I really like Lem, but Solaris is probably my least favourite of his stories. It does have the thing I most admire in Lem's work of being about true aliens - that is, not just us again but in a Halloween costume like a Star Trek alien - but somehow Solaris doesn't "work" for me even though say, Memoirs Found In A Bathtub or Futurological Congress do.
Are you a PKD fan too? The two you mentioned are amongst Lem's most Dick-ian stories. Also note, there is a newer English language translation of Solaris. I liked it better than the one I read years ago.
I haven't read the book (yet), but Tarkovsky's movie is only a loose adaptation of the source material, which you might still enjoy.
I find it funny that i hated Lem for most of my life... because i was forced to read only his Robot stories in school.
I still despise those moralist fables.
But his other works? i love them! My favorite is The Star Diaries, despite having some robot stories in them.
I had it as optional and I read it out of my own volition and some of them still stays with me after almost thirty years. The one about writer wanted his robot to write stories, but in the end realizes that actually stories written by his robot are much better than his, want to turn the robot off but instead robot kills the writer... Makes you think about humanity, robotics, technology and what it is to be human or what is self-aware machine.

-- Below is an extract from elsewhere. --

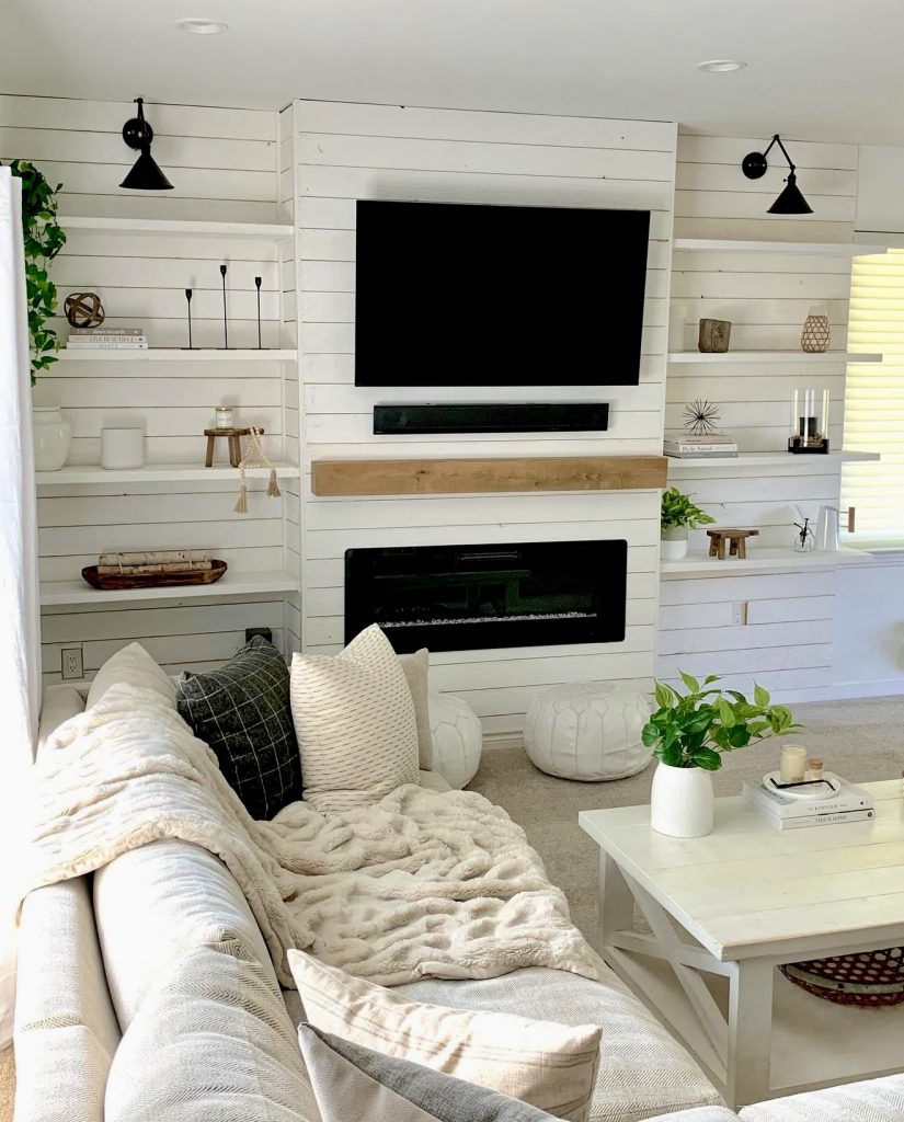 This living room embodies the cozy side of farmhouse living. A large sectional wrapped in plush blankets invites you to sink in, while the tv wall above the fireplace provides a central focus for family life. Shiplap walls keep the style rustic but modern, and floating shelves are styled with simple decor ideas—candles, books, and small accents that feel personal yet minimal. Pops of green from potted plants bring freshness, balancing the soft neutrals and ensuring the space doesn’t lean too moody. It’s the kind of living room that feels like a hug after a long day, whether you’re in a suburban home or a Bloxburg-style dream house.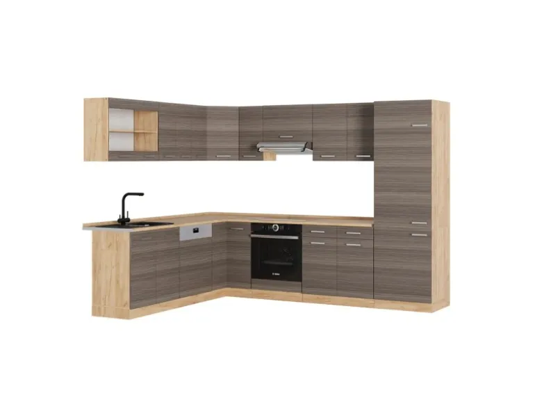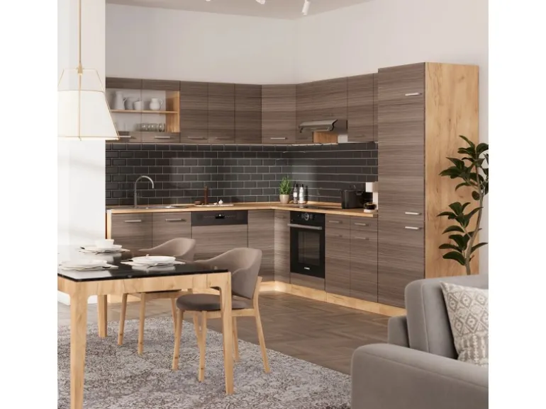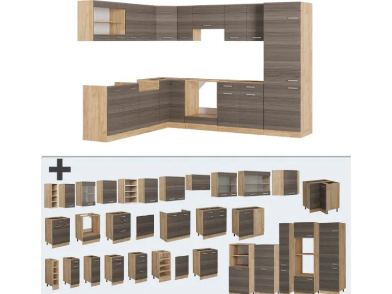 Die Küche in L-Form bietet zusätzliche Module und ein umstellbares Design nach Belieben

These were really light, nicely done stories but when you think about them, they introduce you to actual.problems that come with robotics and AI.
I am glad that I read those and kind of sad that I did not read more of Lem's books early in my life.
I am fascinated by the fact those stories were assigned in school. I happen to love them. I wonder if you would have disliked them as much if they were not school assignments. Many kids grow up up hating Shakespeare and Moby Dick because they were forced to read them.
I somehow got spared and was never forced to read Moby Dick.
I recently watched “In The Heart Of the Sea” which was an adaptation of a book which recounts the tragedy of the Whaleship Essex in the early 1800s, based on the written accounts of two of the surviving crew. I haven’t read the book, but the movie frames the story as an author interviewing the last remaining survivor in old age.
Having not read Moby Dick, I at first thought this was a movie version as the storyline kind of seemed similar but the events didn’t seem to match to what I knew.
Finally it clicked for me, and revealed at the end, that the interviewer was Herman Melville getting inspiration for his Moby Dick.
The movie has increased my curiosity and desire into reading Moby Didk.